We present SurvivEHR, a foundation model for time-to-event prediction using Electronic Health Records (EHR), based on the Generative Pre-trained Transformer (GPT) architecture. The model is trained on 23 million patient records from the UK Clinical Practice Research Datalink (CPRD), encompassing longitudinal primary care data. In total, 7.6 billion recorded event across patient timelines are used, with each represented as a tuple comprising: (i) a categorical event index (a unique combination of ICD-10 codes), (ii) an associated numerical value (e.g. measurement), and (iii) the event time (days to/since birth)
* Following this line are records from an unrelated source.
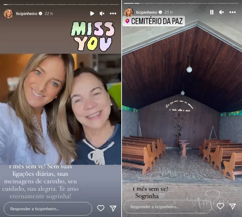 Foi através de sua conta oficial do Instagram Stories que ela prestou homenagem. Em uma imagem que publicou ao lado de Edna ela escreveu o seguinte: ”1 mês sem você! Sem suas ligações diárias, suas mensagens de carinho, seu cuidado, sua alegria. Te amo eternamente, sogrinha.”, disse a apresentadora. Em outro post na rede social ela reforça: ”1 mês sem você”, comentou.
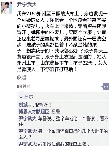 这条微信发出后,在朋友圈很快地引起了关注。网友@恋爱的悟空看到后,将消息发在了微博上:“一位朋友@尹宁武大发现一可疑女子怀抱婴儿,经交谈怀疑是人贩子。时间紧迫,大家有什么办法都说一下。求扩散,或许婴儿父母可以看到!”
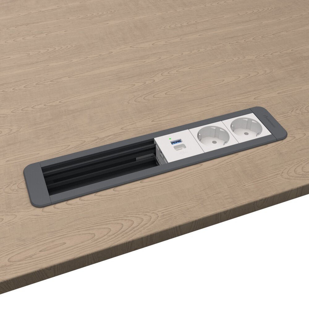 CablePort Office is ontworpen op gemak, een systeem waarbij je kiest voor het aantal stroompunten in combinatie met een USB A en of USB C Oplader (2 ingangen) en de open ruimtes, als deze er nog zijn in kan vullen met de CablePort Konnect Flex Click 45 modules van Kindermann. Dit kan bijvoorbeeld HDMi, Netwerk, USB of zelfs audio zijn. Afhankelijk van wat er gewenst is op de plaats van bestemming.
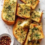 I recommend using crusty breads like a baguette, Italian loaf, or ciabatta since they hold up well to the garlic butter and baking process. Soft sandwich bread tends to get soggy quickly and doesn’t crisp up the same way. Look for a loaf with a nice crust and firm crumb for the best texture.
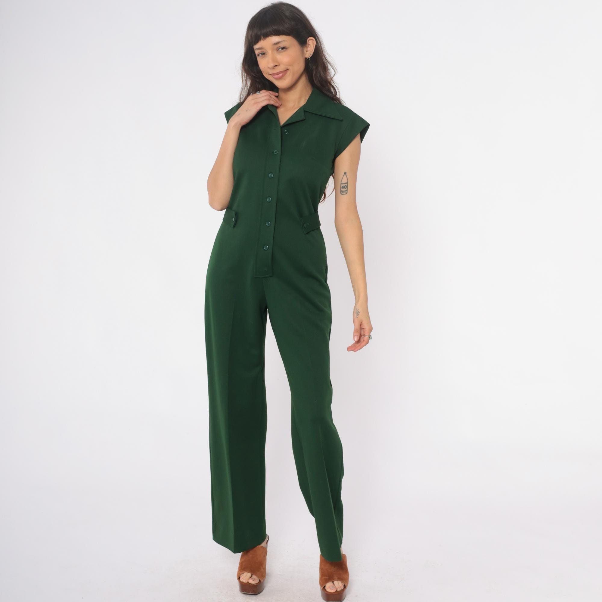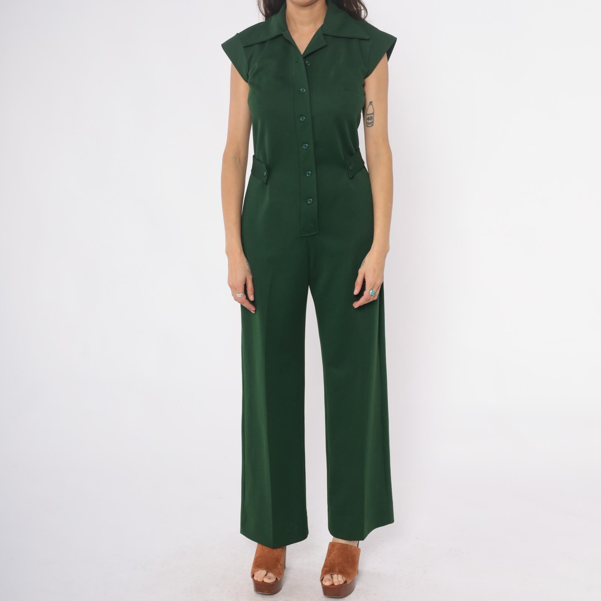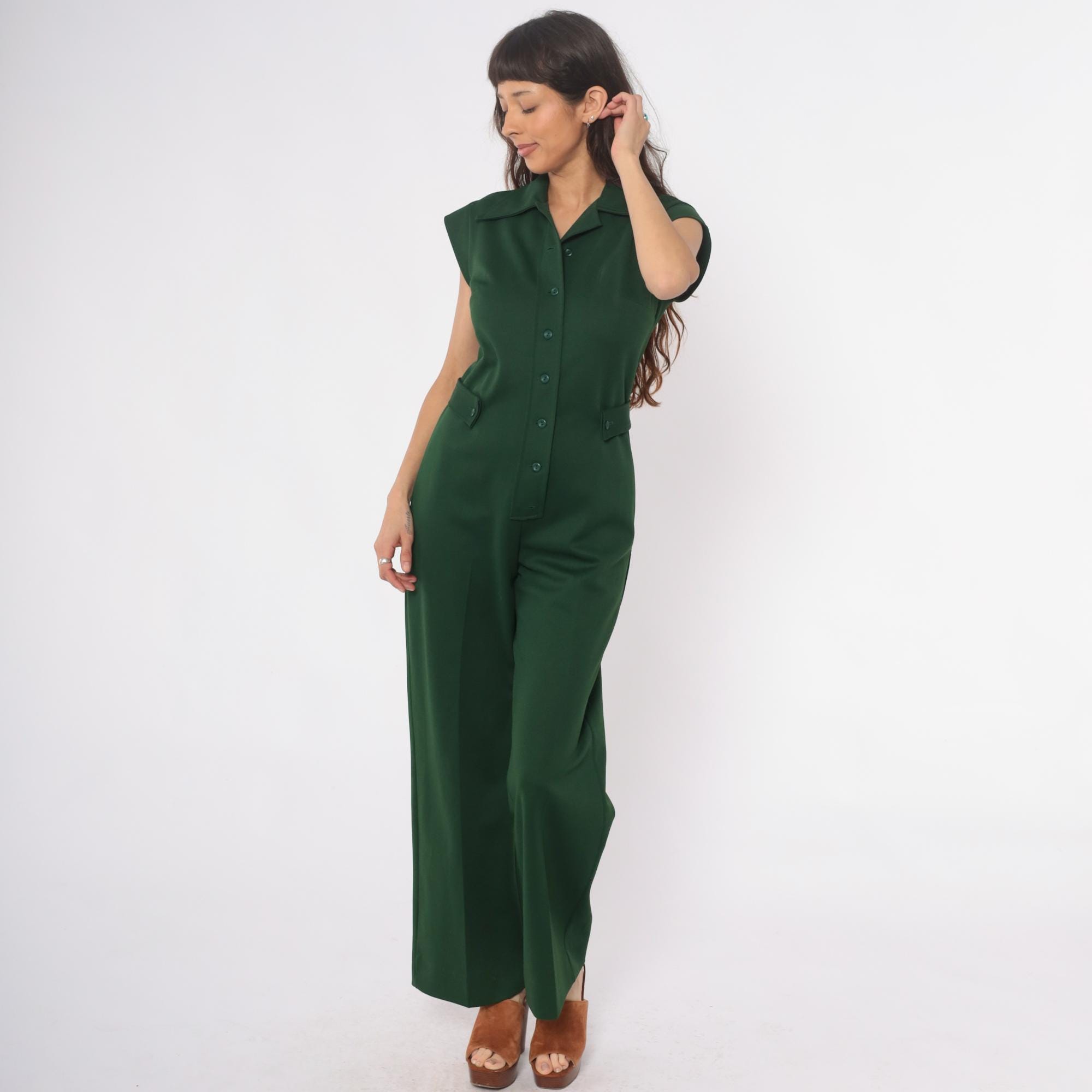 70s forest green jumpsuit in polyester with wide pointed collar and button front closure. Short cap sleeves, belt with button tabs at waist, wide leg pants. Hip pockets with button closures.
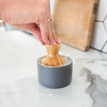 - Bubble Up's ceramic base acts as soap dispenser & spring-loaded to create extra suds

SurvivEHR follows a pretrain-finetune paradigm: it first learns generalisable clinical representations from large-scale EHR data, and is then fine-tuned for specific prediction tasks such as forecasting future diagnoses, lab values, or mortality risk. This enables SurvivEHR to perform time-to-event forecasting, providing personalised forecasts for risk of future diagnoses, measurements, tests, and death. We further demonstrate that SurvivEHR supports strong transfer learning, and can be used as a Foundation Model for clinical prediction modelling on a number of case study examples.
This work is motivated by the growing burden of Multiple Long-Term Conditions (MLTCs), also referred to as multimorbidity, as the prevalence of individuals living with two or more chronic conditions continues to rise. This shift is largely driven by an ageing population and advances in medical care that have extended life expectancy, resulting in more people living longer with chronic diseases. MLTCs are associated with poorer health outcomes, reduced quality of life, increased healthcare costs, and higher rates of hospitalisation and mortality.